**Provided data**
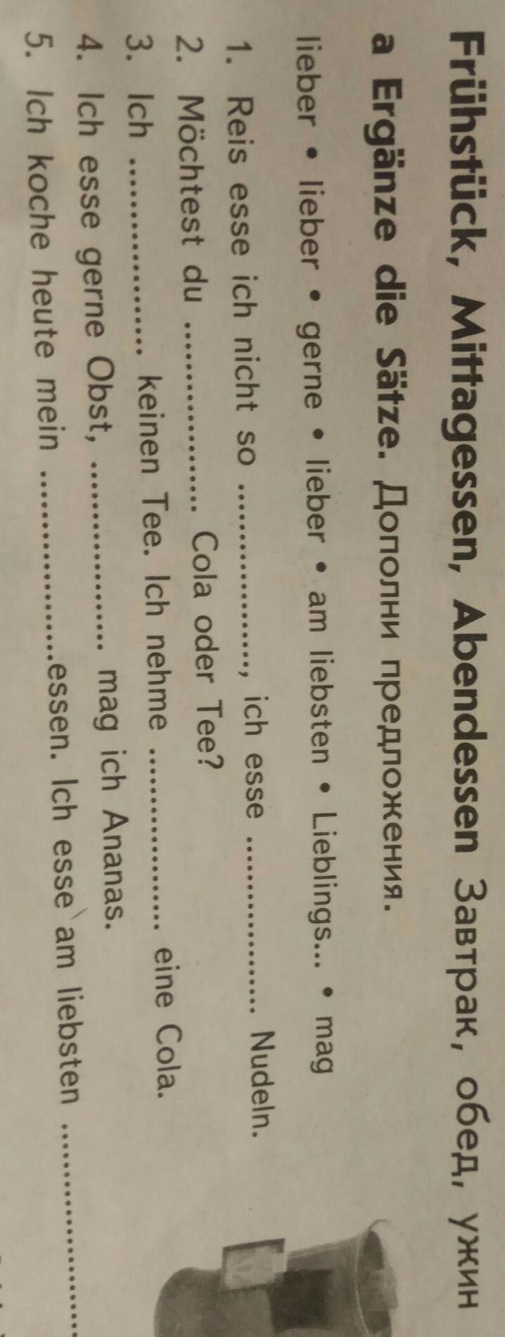 Ich esse am liebsten eine Pilzsuppe. (грибной суп)
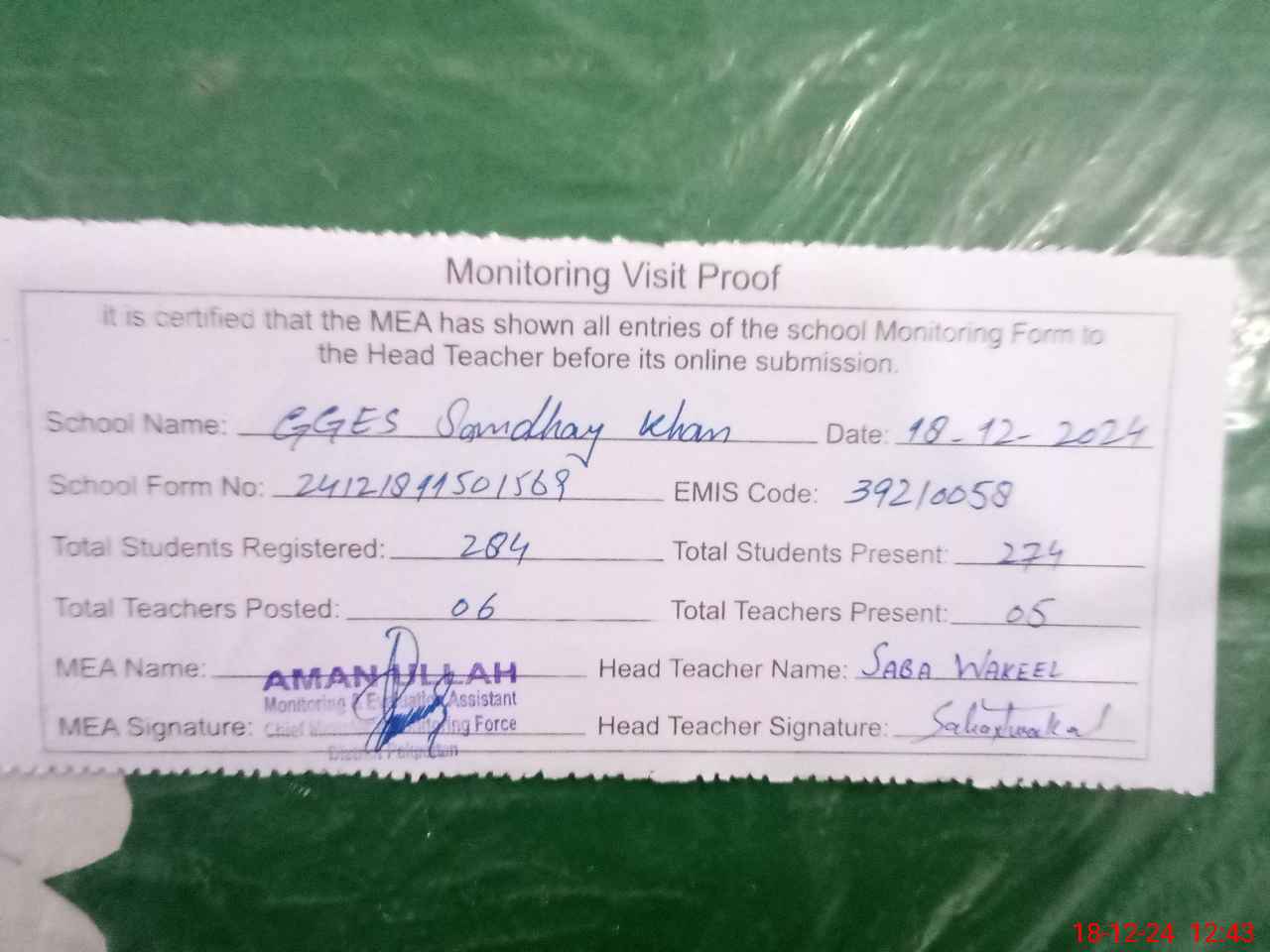 | EMIS Code: 39210058 | Name of School: GGES SANDHAY KHAN | |||
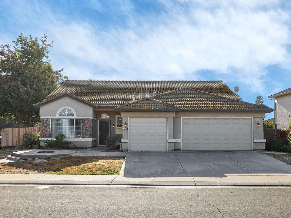 Welcome to 2402 Sailboat Court! This beautiful single story home offers over 2100 sq. ft of living space on a desirable corner lot in a peaceful cul-da-sac. Featuring 3 bedrooms plus a den(optional 4th bedroom), 2 full bathrooms, and a 3 car garage, this property is designed for both comfort and functionality. Step inside to find high ceilings, tiled flooring throughout (with carpet in the bedrooms), and an inviting open-concept layout. The spacious kitchen is equipped with granite countertops, a large breakfast bar overlooking the family Rm, and a cozy dining area with a fireplace-perfect for everyday living. A formal dining and living Rm provide additional space to gather, while double doors open to the versatile den, ideal as a home office or guest Rm. The primary suite is a relaxing retreat, complete with a ceiling fan, sliding glass door with backyard access, dual walk-in closets, dual vanities, a soaking tub, and a separate shower. Outdoors, the backyard features extensive concrete work on both sides of the home, offering plenty of space for entertaining, play or future customization. The front yard's hardscaped landscaping provides great curb appeal, with room to add your personal touches. Don't miss the chance to make this spacious, well-designed home your own.
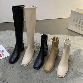 2022年冬季杏色女靴子细跟高跟短靴欧美尖头皮鞋马...

**Assignment**
With the pictures left out, restate word for word every line of the data above, from the first down to the line that contains "SANDHAY KHAN | |||".

**Task solution**
 Ich esse am liebsten eine Pilzsuppe. (грибной суп)
 | EMIS Code: 39210058 | Name of School: GGES SANDHAY KHAN | |||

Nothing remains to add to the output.